**PROBLEM TO SOLVE:** With the pictures omitted, repeat exactly the lines below starting with the line that has "Roads & Access, Cont'd: When" and going on through the line that has "ADA4960-1: Low Distortion".

**RECORDED INFORMATION:**

§ §

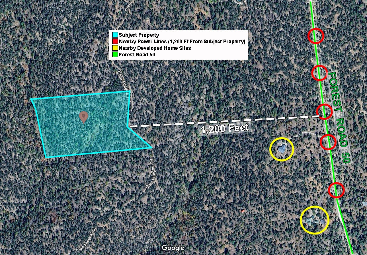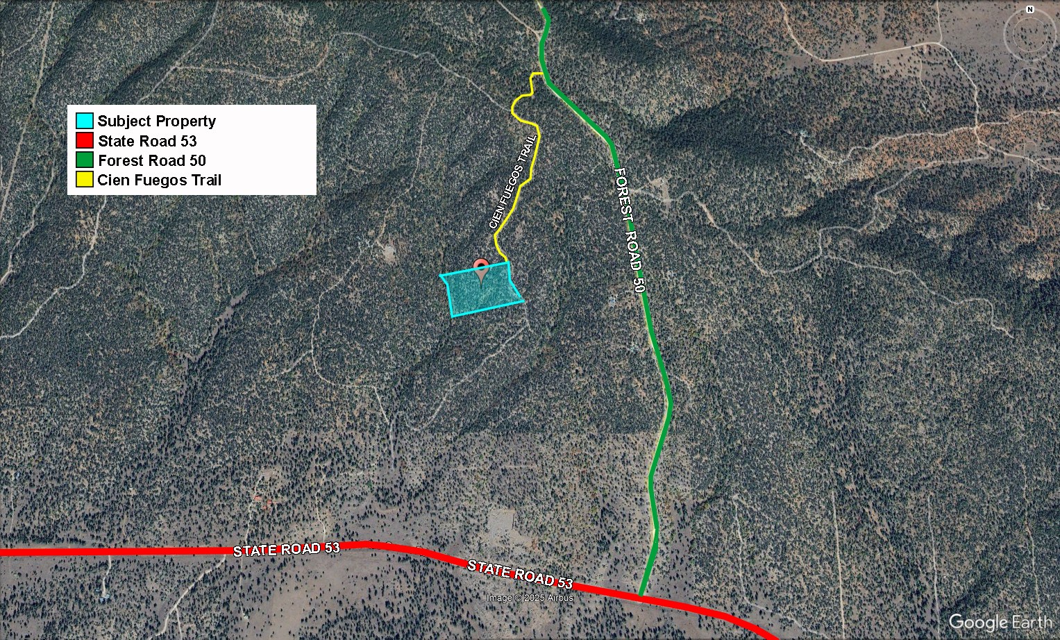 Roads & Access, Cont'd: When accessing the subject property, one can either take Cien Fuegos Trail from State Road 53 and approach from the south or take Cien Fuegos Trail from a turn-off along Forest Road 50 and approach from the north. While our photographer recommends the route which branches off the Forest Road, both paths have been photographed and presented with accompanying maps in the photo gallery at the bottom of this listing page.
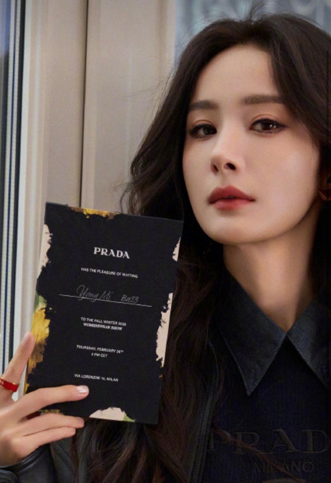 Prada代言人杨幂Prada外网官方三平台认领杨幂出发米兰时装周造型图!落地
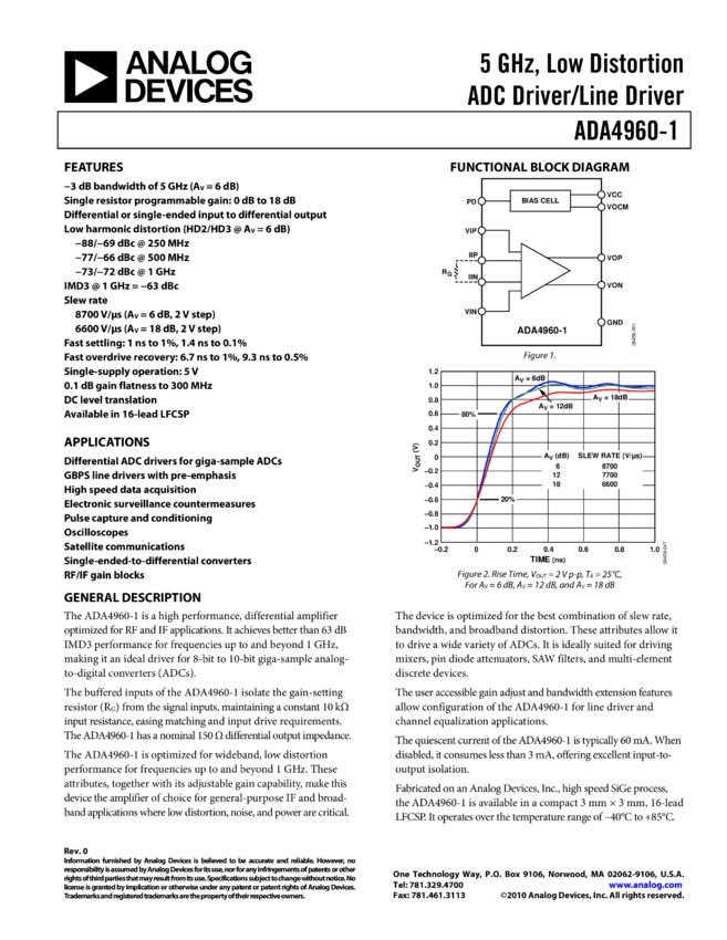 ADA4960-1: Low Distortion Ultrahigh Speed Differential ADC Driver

§ §

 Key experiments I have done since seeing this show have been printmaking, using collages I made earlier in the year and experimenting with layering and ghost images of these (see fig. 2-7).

§ §

**ANSWER TO THE EXERCISE:**
 Roads & Access, Cont'd: When accessing the subject property, one can either take Cien Fuegos Trail from State Road 53 and approach from the south or take Cien Fuegos Trail from a turn-off along Forest Road 50 and approach from the north. While our photographer recommends the route which branches off the Forest Road, both paths have been photographed and presented with accompanying maps in the photo gallery at the bottom of this listing page.
 Prada代言人杨幂Prada外网官方三平台认领杨幂出发米兰时装周造型图!落地
 ADA4960-1: Low Distortion Ultrahigh Speed Differential ADC Driver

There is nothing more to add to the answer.